Observation 1 — Slab at an angle (line appears bent):
When one edge of the glass slab is inclined to the drawn line, light from the line travels obliquely from air into glass (denser medium) and bends towards the normal (angle of refraction < angle of incidence). At the opposite face it passes from glass back into air and bends away from the normal. According to Snell's law, $\frac{\sin i}{\sin r} = \text{constant}$. Because the ray strikes the surface at an oblique angle, the lateral (sideward) shift is visible, making the line appear bent/displaced sideways at the edges of the slab.

Observation 2 — Slab perpendicular to the line (line appears raised, not bent):
When the slab edge is exactly perpendicular to the line, light travels normally (straight down) through the slab.
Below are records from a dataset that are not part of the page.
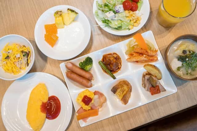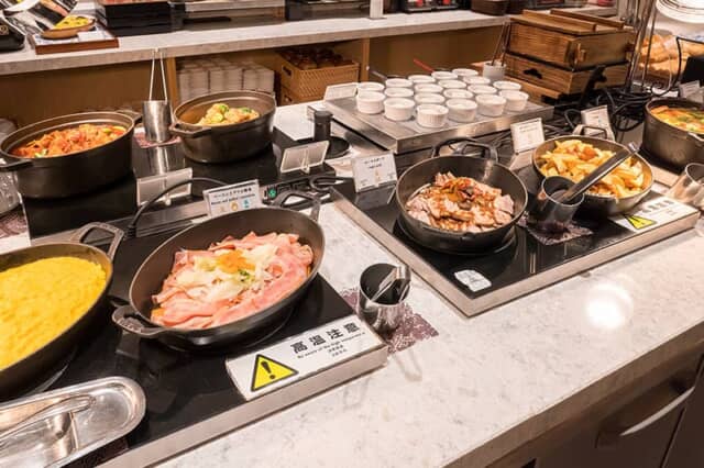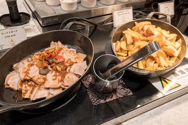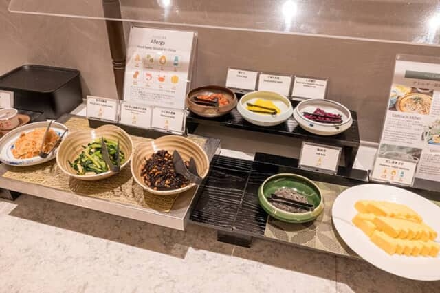 若鳥と牛蒡のデミトマト煮込みやローストポーク、ソーセージなど肉料理が多いのが嬉しい反面、野菜が充実しているのも健康的な証。もちろん湯葉やお豆腐、バラ寿司など、京都の味も体験できるのは、旅先の朝食ならではの魅力です。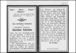 Jungfrau; Tod b. Eisenbahnunglück auf dem Bahnhof in Düren; noch 3 weitere Reisende tot aus den Trümmern hervorgeholt; Eltern: Peter Schröder u. Maria geb. Winters; Mitgl. Jungfrauenkongregation |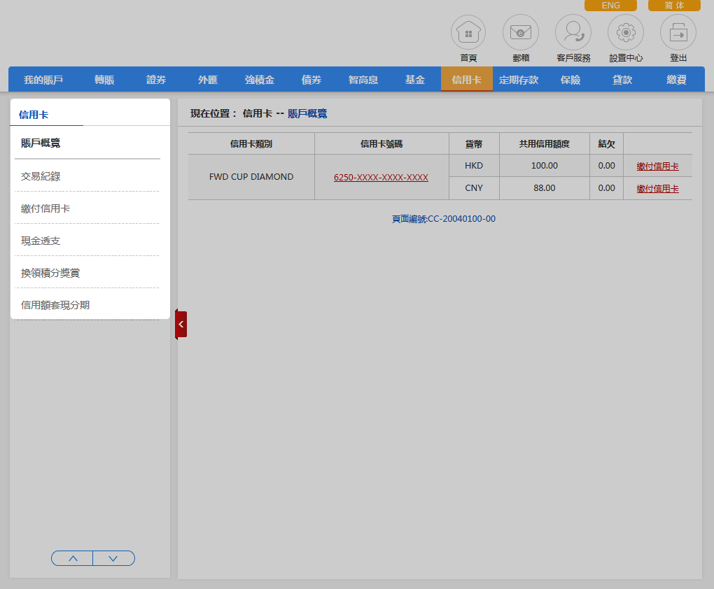 - 顯示信用卡的信用額、最低付款額、總結欠、截數日、到期繳付日、當期月結單結欠、積分結餘和積分到期日等資料;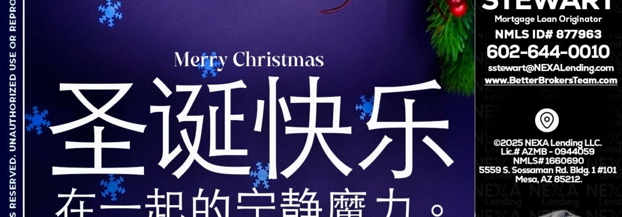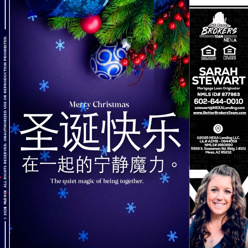 圣诞快乐 在一起的宁静魔力。 - Sarah Stewart -Mortgage Loan OriginatorHi, my name is Sarah Stewart. I’m a Loan Officer with NEXA Lending LLC., offering personalized mortgage solutions, fast customized quotes, great rates and service with integrity.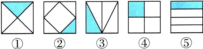 3. 如图是5个大小相同的正方形,正方形( )中涂色部分的面积与其他图形中涂色部分的面积不相等。(填序号)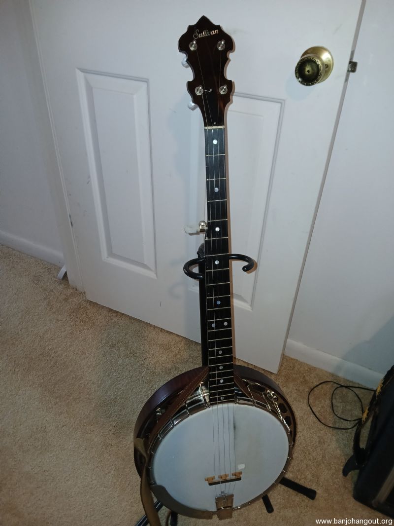 Sullivan Jam features figured maple neck, ebony fingerboard, spikes at 7&9. Presto tail piece, Sullivan bridge, stickers cover pearl dots. Nickel hardware, Brass rolled tone hoop, one piece flange. Loud and clear weighing only 9.6 lbs. Sticker on back covers a small ding I was told. Fresh set of EJ61's. Clean TKL hardshell case.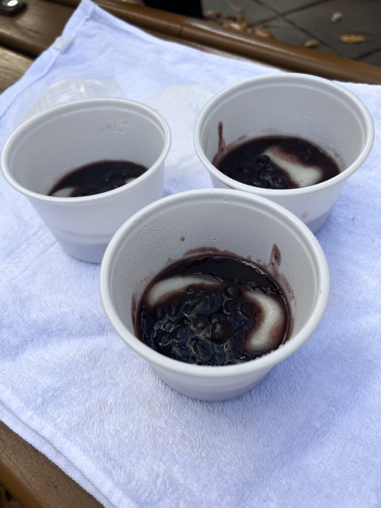 このままではぜんざいなので、熱湯をいれてお汁粉にします

A ray incident normally (i = 0°) passes without any change in direction, so there is no bending or lateral shift. However, the slab is denser than air, so light slows down inside it. The portion of the line beneath the slab appears raised (shifted upward) due to the difference in optical density — exactly like printed letters appearing raised when a thick glass slab is placed over them.

Conclusion:
The key difference is the angle of incidence: oblique incidence causes lateral displacement (bent appearance); normal incidence causes only apparent depth shift (raised appearance) with no bending.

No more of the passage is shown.